The Center on Budget and Policy Priorities, also a left-leaning think tank, has warned that indexing capital gains to inflation without adjusting other parts of the tax code would open up new tax-avoidance strategies. And the American Enterprise Institute, a center-right think tank, has said that it is “unlikely that indexing capital gains for inflation would provide the economy a meaningful boost,” while stressing the complexity of implementing the proposal.
The proposal faces major legal obstacles, as well.
The Justice Department’s Office of Legal Counsel in 1992 concluded that the Treasury Department did not have the authority for the unilateral cut. The change, if implemented unilaterally, would almost certainly face an immediate court challenge.

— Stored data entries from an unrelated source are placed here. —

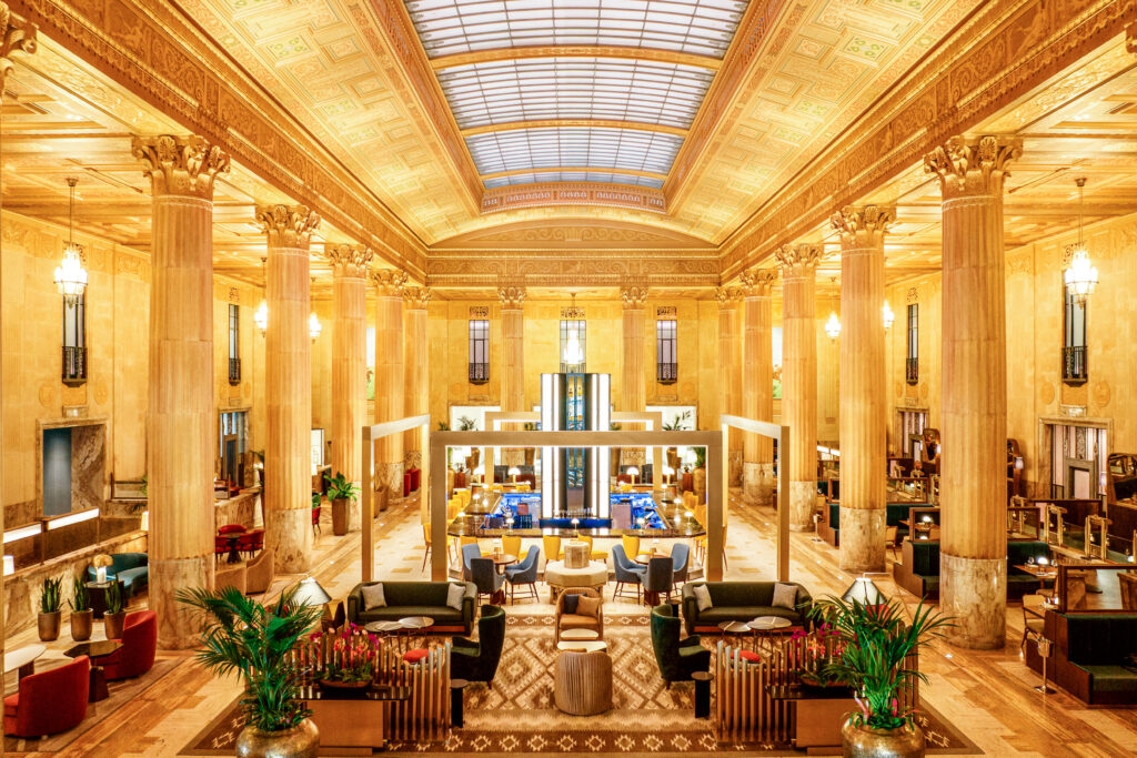 Built during the height of The Great Depression, The First National art deco-style building stands at 406 feet tall with 33 floors (and to 446 feet at its spire) as a symbol of our city’s past and present resilience. The structure’s original square footage in the 1930’s began at 451K. However, additions in 1957 and 1972 brought the square footage to 998K of office space. In 2017, local developers began renovations to set the property on a new path, housing 146 hotel rooms, 193 apartments, and a variety of newly beloved restaurants and retail spaces. This restoration project reduced square footage back down to 497,371 and – as of 2022 – the ‘57 and ‘72 additions to the building were repurposed into a parking garage. Unbeknownst to most locals, the premises connect to adjacent structures within the downtown area via the Oklahoma City Underground series of tunnels and elevated walkways. Neoclassical style inside and out, featuring polished aluminum, granite, glass and several varieties of marble from around the world makes this historical building breathtaking, and murals depicting Oklahoma’s history in the four corners of the banking lobby, painted by Chicago artist Edgar Spier Cameron, remind us of our rich heritage.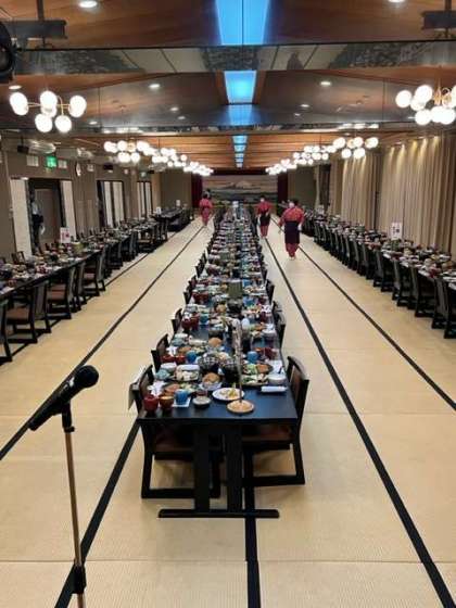 2階の大宴会場で、食事の準備がされているのは、圧巻の光景です。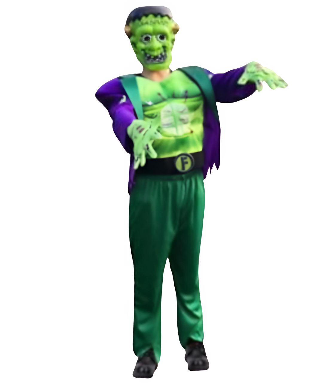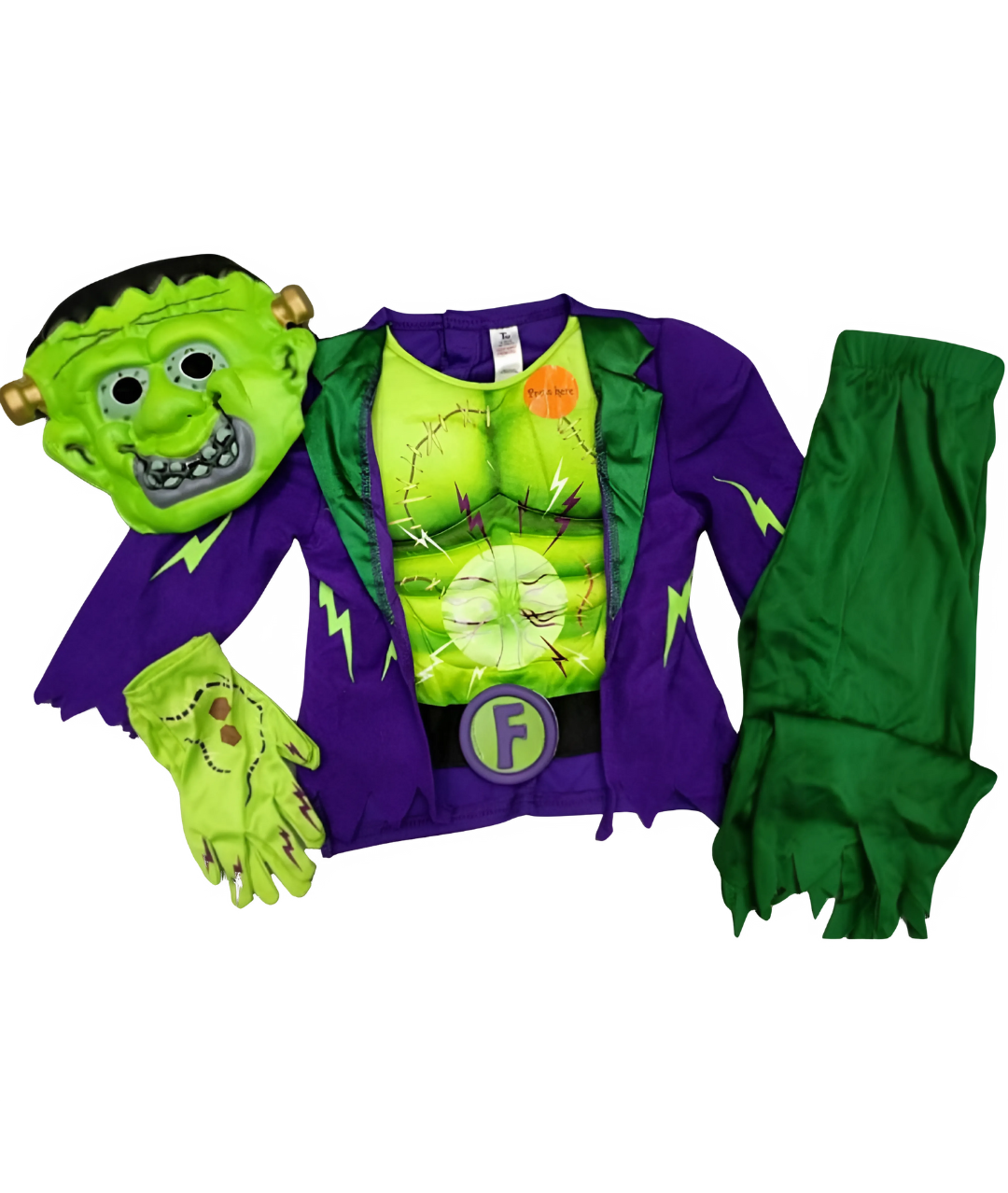 تتضمن المجموعة أيضًا قفازات خضراء وقناع EVA ناعم لجعل الصغار يبدون وكأنهم فرانكي شتاين حقيقي!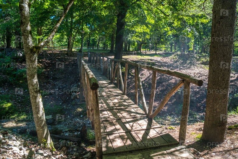 View Of Paved Forest Path и деревянный мост, ведущий в каньон Okatse
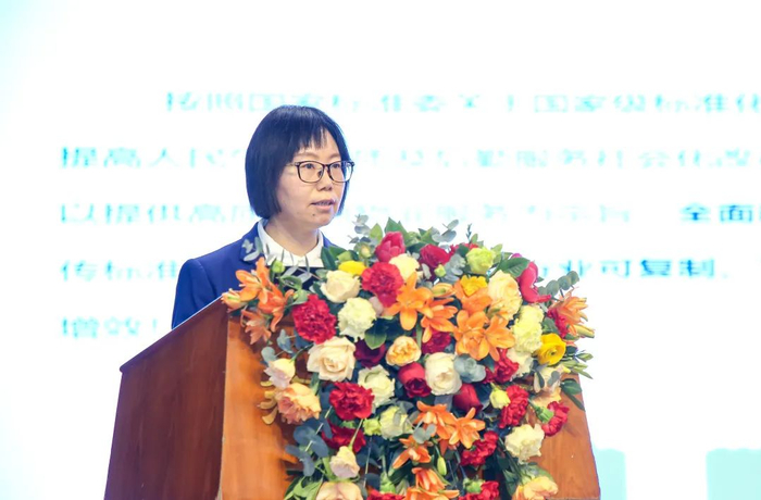 山东省市场监督管理局标准化处副处长潘爱娟宣读了国家标准化管理委员会〔2022〕46号文件《关于下达2022年度国家级服务业标准化示范项目的通知》。

But conservatives have said they are optimistic they can persuade Trump. They are pitching the shift as providing relief from the inflation that occurred during the Biden administration, which Trump has frequently railed against. Trump also said in 2019 that it would be “very easy to do” and that a majority of his White House economic advisers supported it.
Stephen Moore, who has served as an economic adviser to Trump, said the proposal should be characterized as providing benefits to seniors, since it would lower their taxes on sales of stocks and potentially homes, though the first $500,000 in capital gains from home sales are already protected from taxes.
“Indexing capital gains is a layup - it’s something that would be hard for Democrats to argue against. It would be a big win for seniors, and it would unlock a lot of capital,” said Moore, who is also senior economic adviser for the America First Policy Institute and chair of the Committee to Unleash Prosperity, two conservative groups. “This something we’re really pushing, and the White House has been interested.”
The Independent Women’s Voice, another conservative group, is expected to join the push. Heather R. Higgins, chair of the Independent Women’s Forum, said in a statement that “this is one of those good ideas that should be a no-brainer and nonpartisan. … Keeping these dollars matters to women, families, and small businesses.” Higgins added that the administration should make the change via executive order if passing legislation was not feasible. Americans for Tax Reform also pointed to IRS data showing 30 million returns had capital gains filings of some amount, and that 22 million of those were in households with $200,000 or less in gross income.
Some GOP lawmakers, including Sens. Thom Tillis (North Carolina) and Ted Cruz (Texas), have endorsed legislation to enact the change. House and Senate Democrats are expected to overwhelmingly oppose the measure.